WORK INSTRUCTIONS:
Please give the entries again in full and exactly, without any picture.

PROVIDED INFORMATION:
+ + + + +

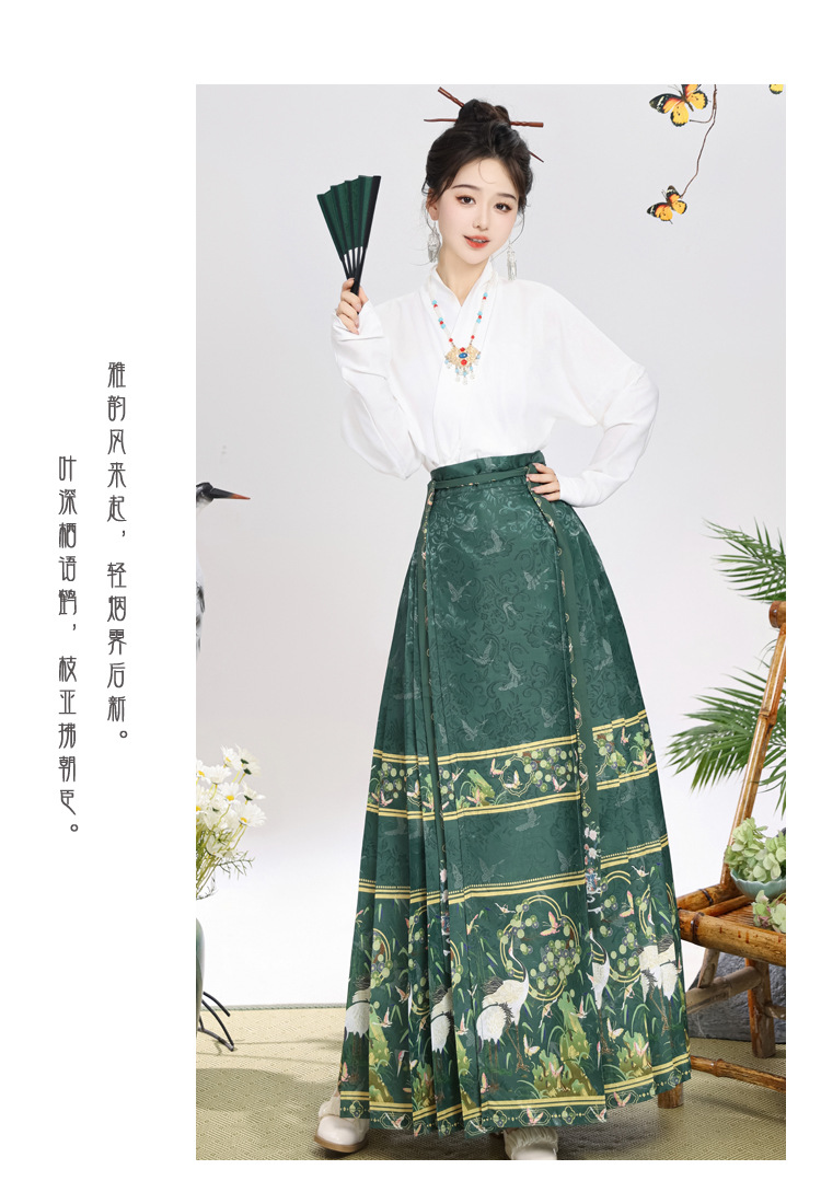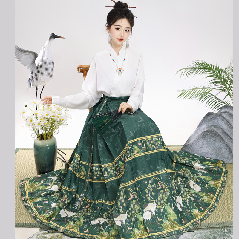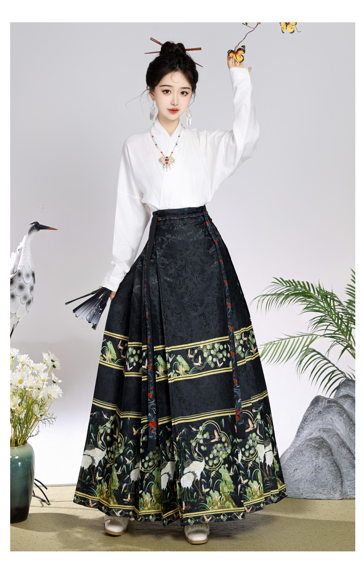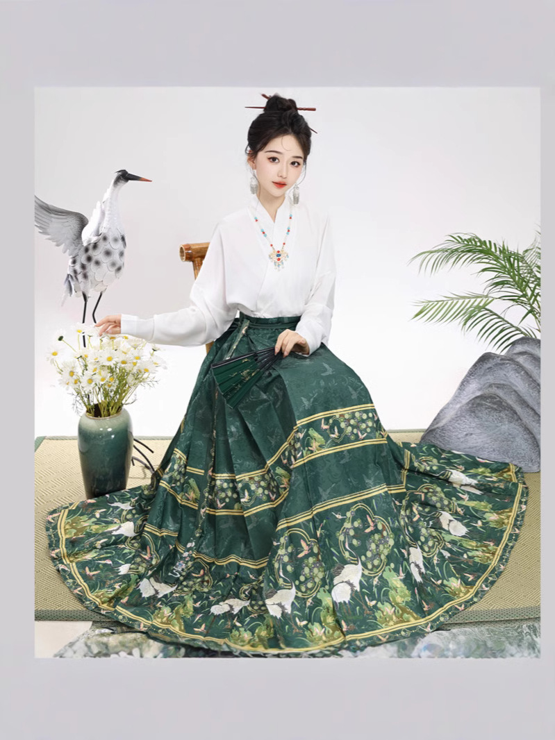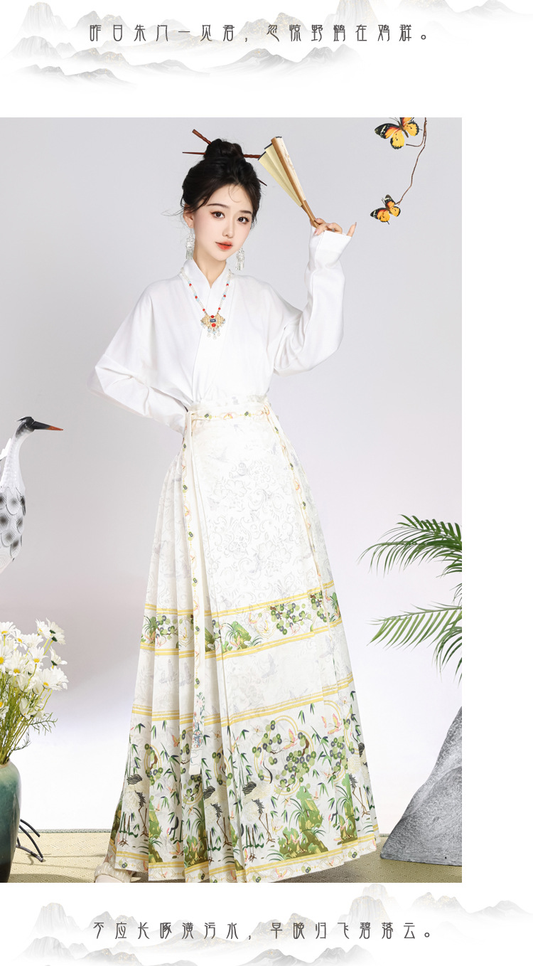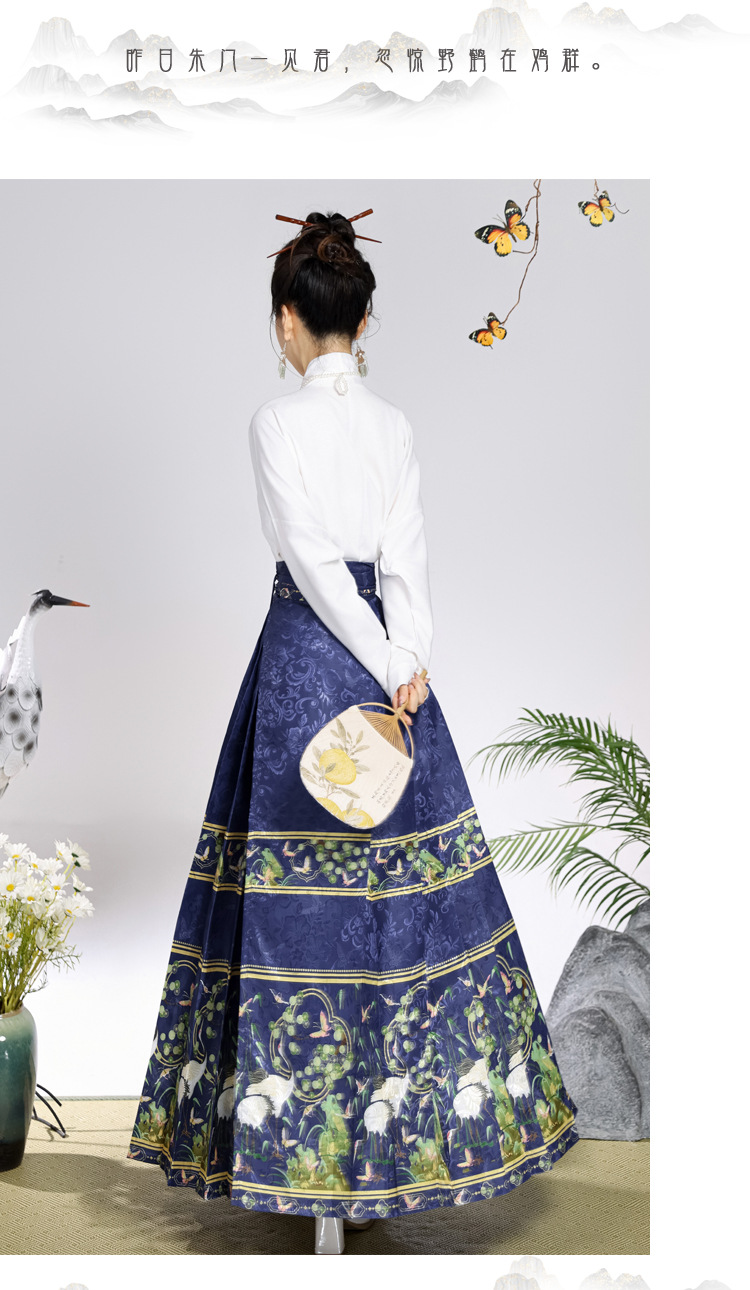 Юбка с черной лошадью Мин + белый топ; Юбка с зеленой лицом лошади Мин + белый топ; Синяя юбка с лицом лошади Мин + белый топ; Юбка He Ming белая лошади + белый топ; Юбка He Ming с одним черным конским лицом; Юбка He Ming с одним зеленым конским лицом; Юбка с одинарным синим конским лицом He Ming; Юбка He Ming с одним белым конским лицом
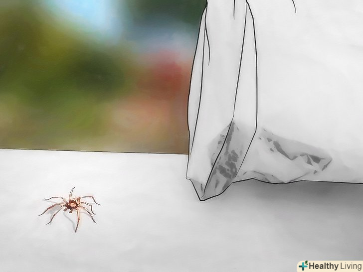 Виверніть пакет. досить швидко, щоб павук не встиг вислизнути, виверніть пакет навиворіт. В результаті павук опиниться всередині пакета. Закрийте пакет, щоб павук не вибрався з нього. [13]
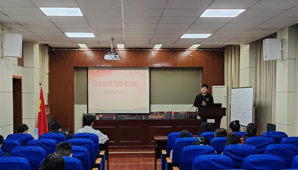 会议初始,占先强同志领学习近平总书记关于红色文化的重要论述,随即向全体党员提出了“什么是红色文化”的思考。随后,李盼盼同志积极地与同志们分享了自己的思考,并简单地阐述了红色文化的含义。随后,在占先强同志的带领下,通过例举一个个生动的红色历史故事,让全体党员学习到了在百年奋斗的历程中一代又一代中国共产党人不畏艰难险阻,直面风险挑战的红色精神,这是中华民族最宝贵的历史遗产和精神财富。最后,占先强同志总结道,在新的历史时期,传承革命精神、弘扬红色文化、增强文化自信,对我们新一代青年具有重大的历史意义和现实意义,广大党员同志要坚持系统观念,坚持守正创新和胸怀天下,推动建设更加美好的世界。
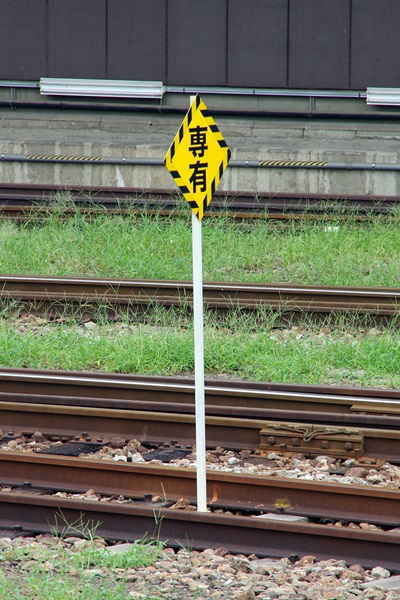 線路のど真ん中に立つ「専有」標識です。
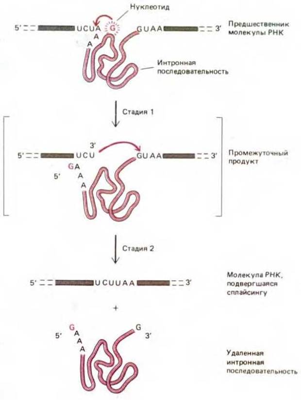 Когда-то молекулы РНК рассматривались как цепочка нуклеотидов с относительно неинтересными химическими свойствами. В 1981 г. эта точка зрения была поколеблена открытием каталитической молекулы РЫК с такими изощренными химическими свойствами, которые биохимики раньше связывали только с белками. Рибосомные молекулы РНК ресничного простейшего Tetrahymena вначале были синтезированы как большая группа предшественников. Было показано, что одна из рРНК получается путем реакции сплайсинга РНК. Удивительным в этом открытии было то, что сплайсинг можно осуществить in vitro в отсутствие белка. Позже было показано, что сама интронная последовательность обладает ферментоподобной активностью и может катализировать двухступенчатую реакцию, показанную на рис. 3-19.
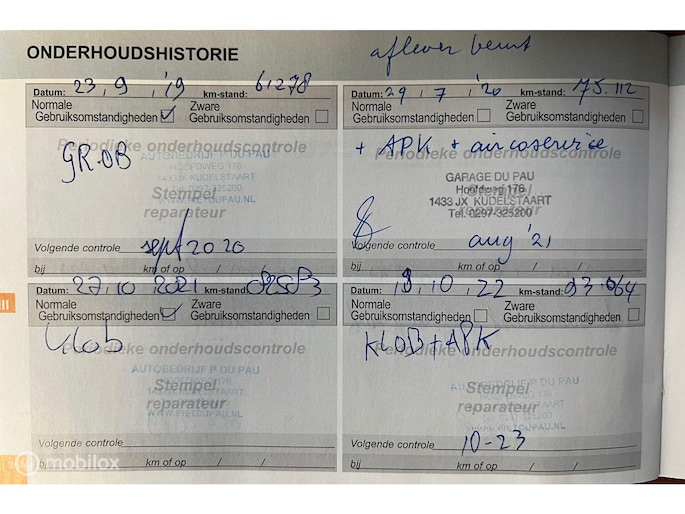 – Onderhoudsboekjes aanwezig en afgestempeld
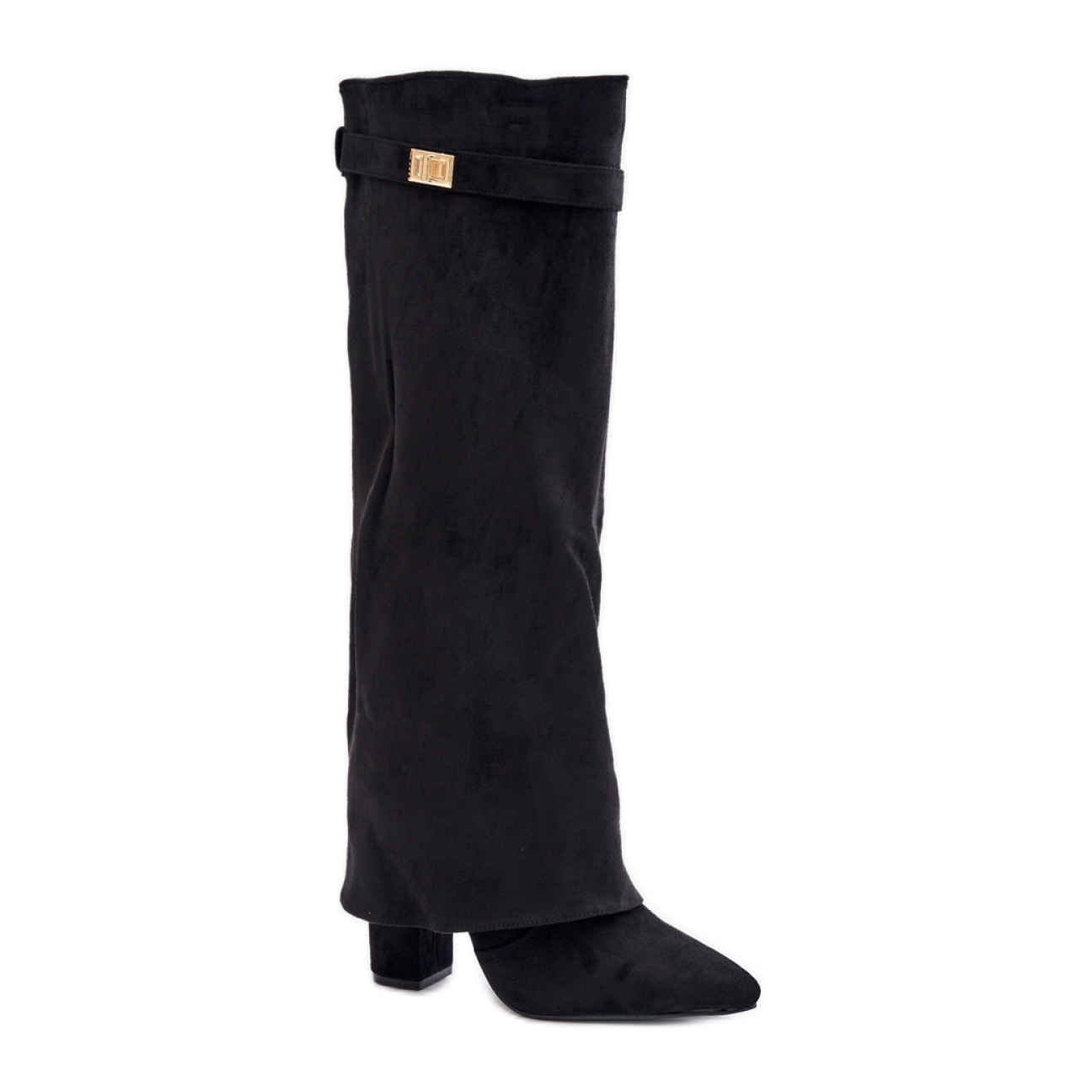 Estas botas tienen un tacón de bloque estable de 11 cm de altura, lo que garantiza comodidad y una excelente postura. Los dedos en punta añaden elegancia y elegancia, y la parte superior enrollada con una correa desmontable le da al conjunto un carácter único. El interior está aislado con una manta para zapatos que hace que este modelo sea perfecto para los días más fríos.
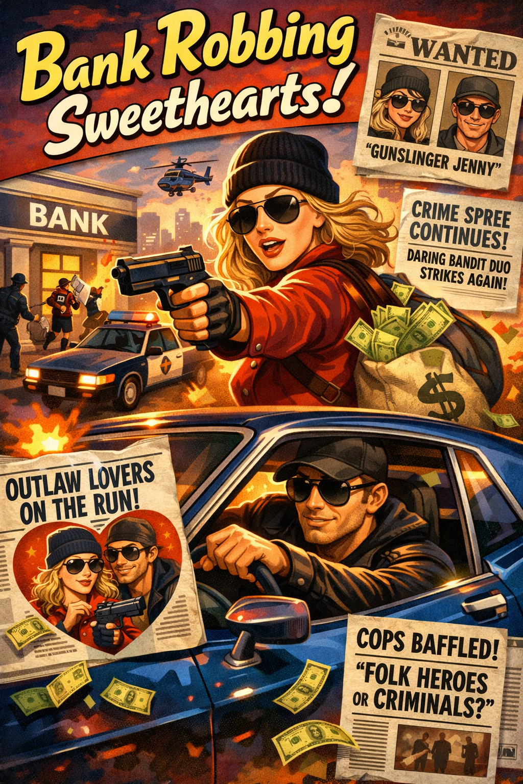 Jeff and his girlfriend Jenny decide to become bank robbers. Jenny does the actual robbing at gunpoint inside the banks while Jeff waits outside as the getaway driver. They are initially successful with a string of heists that make headlines, and they become folk heroes.

+ + + + +

ANSWER:
 Юбка с черной лошадью Мин + белый топ; Юбка с зеленой лицом лошади Мин + белый топ; Синяя юбка с лицом лошади Мин + белый топ; Юбка He Ming белая лошади + белый топ; Юбка He Ming с одним черным конским лицом; Юбка He Ming с одним зеленым конским лицом; Юбка с одинарным синим конским лицом He Ming; Юбка He Ming с одним белым конским лицом
 Виверніть пакет. досить швидко, щоб павук не встиг вислизнути, виверніть пакет навиворіт. В результаті павук опиниться всередині пакета. Закрийте пакет, щоб павук не вибрався з нього. [13]
 会议初始,占先强同志领学习近平总书记关于红色文化的重要论述,随即向全体党员提出了“什么是红色文化”的思考。随后,李盼盼同志积极地与同志们分享了自己的思考,并简单地阐述了红色文化的含义。随后,在占先强同志的带领下,通过例举一个个生动的红色历史故事,让全体党员学习到了在百年奋斗的历程中一代又一代中国共产党人不畏艰难险阻,直面风险挑战的红色精神,这是中华民族最宝贵的历史遗产和精神财富。最后,占先强同志总结道,在新的历史时期,传承革命精神、弘扬红色文化、增强文化自信,对我们新一代青年具有重大的历史意义和现实意义,广大党员同志要坚持系统观念,坚持守正创新和胸怀天下,推动建设更加美好的世界。
 線路のど真ん中に立つ「専有」標識です。
 Когда-то молекулы РНК рассматривались как цепочка нуклеотидов с относительно неинтересными химическими свойствами. В 1981 г. эта точка зрения была поколеблена открытием каталитической молекулы РЫК с такими изощренными химическими свойствами, которые биохимики раньше связывали только с белками. Рибосомные молекулы РНК ресничного простейшего Tetrahymena вначале были синтезированы как большая группа предшественников. Было показано, что одна из рРНК получается путем реакции сплайсинга РНК. Удивительным в этом открытии было то, что сплайсинг можно осуществить in vitro в отсутствие белка. Позже было показано, что сама интронная последовательность обладает ферментоподобной активностью и может катализировать двухступенчатую реакцию, показанную на рис. 3-19.
 – Onderhoudsboekjes aanwezig en afgestempeld
 Estas botas tienen un tacón de bloque estable de 11 cm de altura, lo que garantiza comodidad y una excelente postura. Los dedos en punta añaden elegancia y elegancia, y la parte superior enrollada con una correa desmontable le da al conjunto un carácter único. El interior está aislado con una manta para zapatos que hace que este modelo sea perfecto para los días más fríos.
 Jeff and his girlfriend Jenny decide to become bank robbers. Jenny does the actual robbing at gunpoint inside the banks while Jeff waits outside as the getaway driver. They are initially successful with a string of heists that make headlines, and they become folk heroes.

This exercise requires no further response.